Utilising ZTE in combination with a sequence which offers superior imaging resolution overcomes the inherent limitation of ZTE. The ability to select FIESTA-C or BB depending upon the clinical indication also widens the potential application for these techniques. For example, bone marrow signal, particularly within the mandible, is more uniform on BB than FIESTA-C which would lend itself to improved visualisation of tumour infiltration, whilst FIESTA-C imaging offers enhanced visualisation of the cranial nerves at the skull base and high T2 imaging of the membranous labyrinth. FIESTA-C imaging is however more susceptible to pulsation effects than BB.

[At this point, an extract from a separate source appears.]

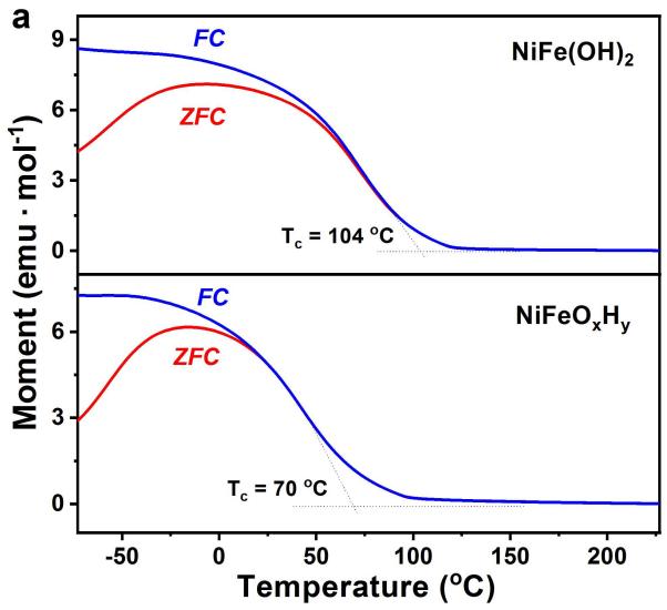 图2. (a)外加磁场强度H为500 Oe下,NiFe(OH)2和NiFeOxHy的零场冷却(ZFC)和场冷(FC)磁化强度随温度的变化函数,(b)不同温度下的M-H磁滞回线。

There is no shortage of potential applications for 3D reconstructed imaging and 3D models of the cranium and facial skeleton, with ongoing research into MRI methods for neuroscience applications and surgical planning [14,15,16,17]. The field of craniomaxillofacial surgery remains a key driver in this quest in view of the multiple congenital and acquired conditions requiring frequently challenging (and often multiple) surgical interventions. Non-accidental injury in the paediatric population offers similar challenges with a need for comprehensive and ideally non-ionising imaging. The potential for BB and the ZTE equivalent, PETRA, techniques in the diagnosis of craniosynostosis and skull fractures has been demonstrated [3, 8]. The demonstrated benefits of a combined ZTE+BB or ZTE+FIESTA-C segmentation algorithm would be of clear benefit in these patient groups, albeit with the requirement for further confirmation of their accuracy. We continue to explore these methodologies with ongoing refinements in a larger study focused on infants with craniofacial anomalies in whom the potential benefits would be perhaps greatest, and in whom comparable CT imaging provides an ethically sound comparator.

In conclusion, automated 3D reconstructed imaging of the craniofacial skeleton is enhanced through the incorporation of a modified segmentation algorithm using ZTE. These techniques are transferrable to FIESTA-C imaging, which offers improved clinical utility.